Ho messo in evidenza il thread  :Wink: 

----------

## cloc3

grazie k.gothmog .

 :Cool:  avete visto che lo abbiamo stanato?

@tizio : gli insiemi di ebuild relativi alle due librerie sono pressoché sovrapposti.

dopo il primo revdep, il secondo troverà ben poco lavoro da completare.

----------

## Guglie

azz, volevo fare l'aggiornamento con calma nel week-end, ma oggi con un --depclean fatto senza controllare bene mi ha disinstallato openssl, togliendo pure le librerie   :Rolling Eyes: 

al momento non ho altre macchine con gentoo installata a disposizione: non è che un'anima volonterosa potrebbe uploadarmi da qualche parte libssl.so.0.9.7 e libcrypto.so.0.9.7?

----------

## .:chrome:.

 *cloc3 wrote:*   

> avete visto che lo abbiamo stanato?

 

stanato? a cosa ti riferisci?

----------

## cloc3

 *k.gothmog wrote:*   

> 
> 
> stanato? a cosa ti riferisci?

 

a nulla, che ci hai detto quattro cose in più  :Smile: 

----------

## Ic3M4n

non basta quella faccina...

----------

## makoomba

alcuni sw non compilano con la nuova versione (es: imapproxy).

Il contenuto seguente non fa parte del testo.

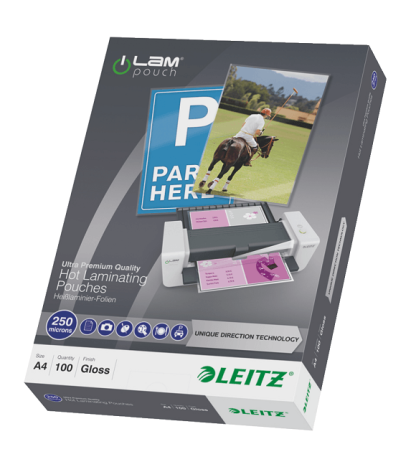 Leitz iLAM laminavimo vokeliai su UDT technologija. Visada paprasta. Jokių strigimų. Puikūs rezultatai. Jūsų dokumentai saugūs - jie nebus sugadinti netinkamo laminavimo. UTD rodyklės ant vokelių parodo teisingą laminavimo vokelių įdėjimo kryptį ir išnyksta po laminavimo. Jos garantuoja, kad jūsų dokumentas bus tobulai užlaminuotas ir saugus. iLAM UDT vokeliai užtikrina geriausią laminavimo kokybę su Leitz iLAM aparatais ir visais kitų gamintojų laminavimo aparatais.Prekės parametrai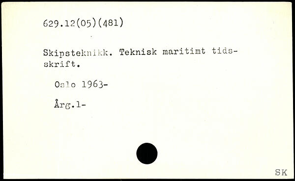 Skipsteknikk. Teknisk maritimt tidsskrift. Oslo 1963- kvQ.1-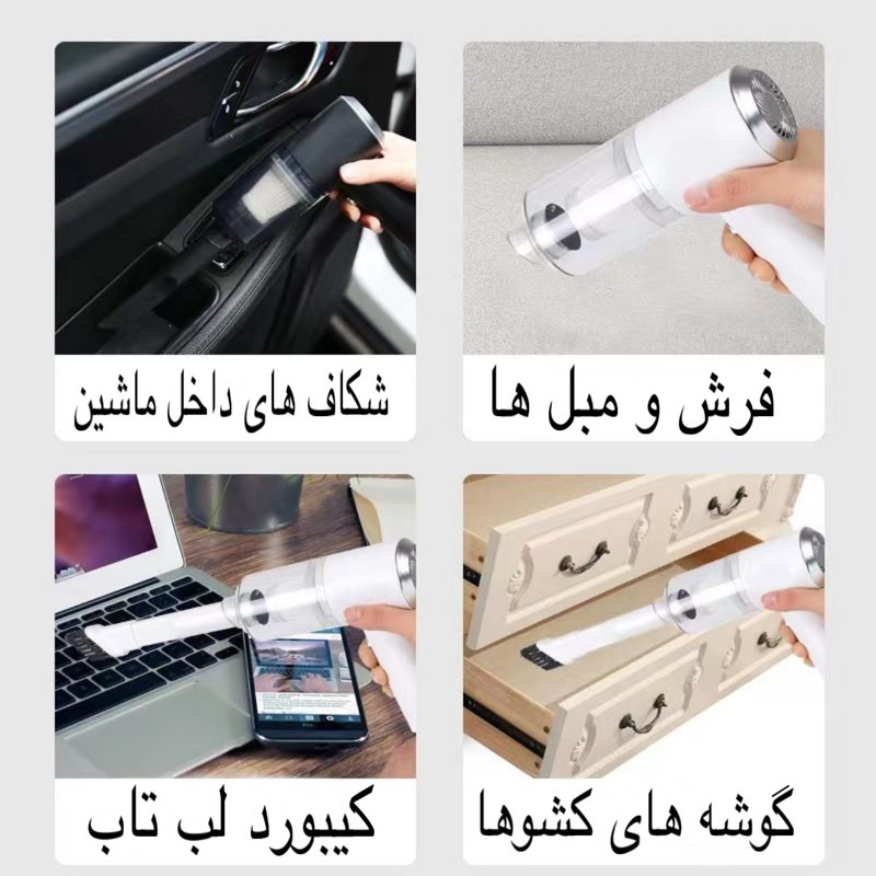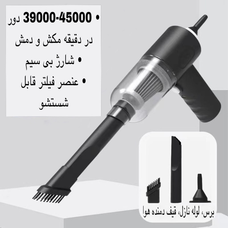 سایر توضیحاتموتور پر قدرت- دارای مکش و دمش دو منظوره- دارای فیلتر قابل شست وشو- مناسب برای تمیز کردن فضاهای باریک و عمیق/صندلی و مبل/صغحه کلید رایانه/جداره پنجره/کشو و کمد و غیره-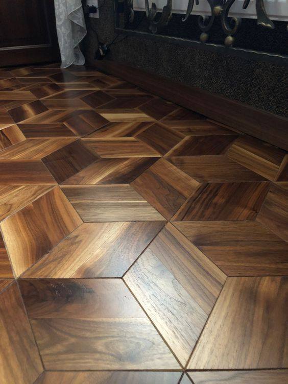 მასიური კაკალი, გეომეტრიული ფიგურა, რომბი. კაკალის მასალა გამოირჩევა ორიგინალური ხის ფაქტურით და ბუნებრივი მუქი ფერით, რომელიც უდაოდ ძალიან ეფექტურია. რომბის წყობა "ფასკებით" ნამდვილად ძალიან ლამაზი ფიგურაა, რომელიც საერთო სივრცეს უფრო დიდად წარმოაჩენს.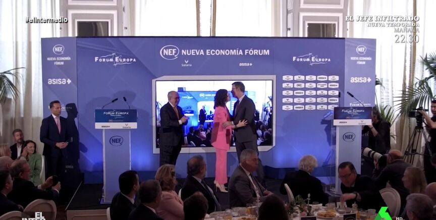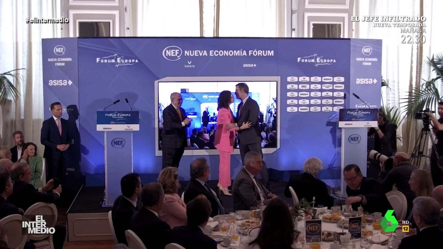 En este montaje de El Intermedio, Isabel Díaz Ayuso y Alberto Núñez Feijóo no paran da saludarse con besos hasta que el presentador debe interrumpirlos.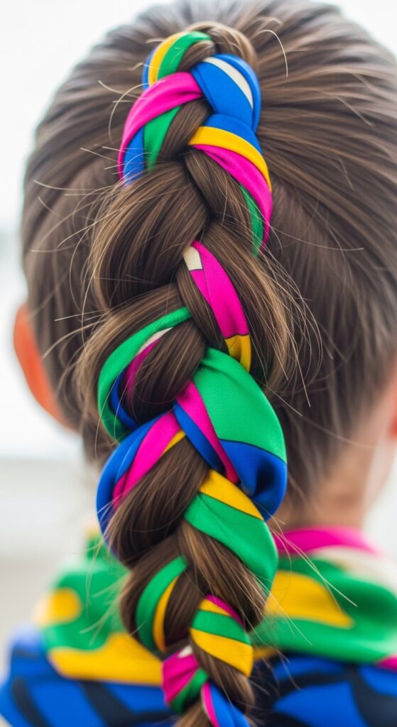 Fold a long, thin scarf into a band. As you gather your half-up section, incorporate the scarf as one of the strands in your rope braid or twist. Tie the ends into a small knot or bow for a playful finish.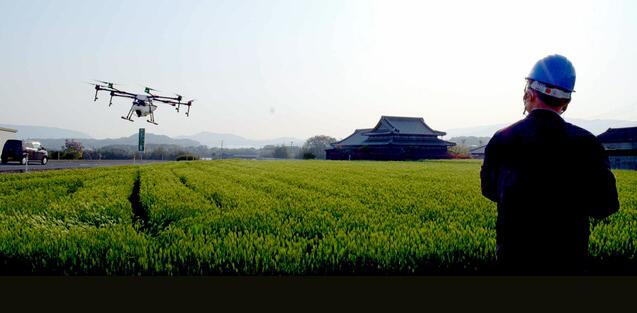 本月,在觀音寺市稻米生產組合代表高橋直樹(38歲)管理的麥田,直徑1.8米的無人機帶著預防紅霉菌病的農藥,從田埂升上了天空進行噴灑。

bah, io rimando per il momento

non mi pare ci siano falle di sicurezza tali da costringere all'upgrade immediato.

----------

## tizio

è normale che facendo:

revdep-rebuild --library libcrypto.so.0.9.7

trovi  /usr/lib/libssl.so.0.9.7 e mi continui a riemergere openssl stesso?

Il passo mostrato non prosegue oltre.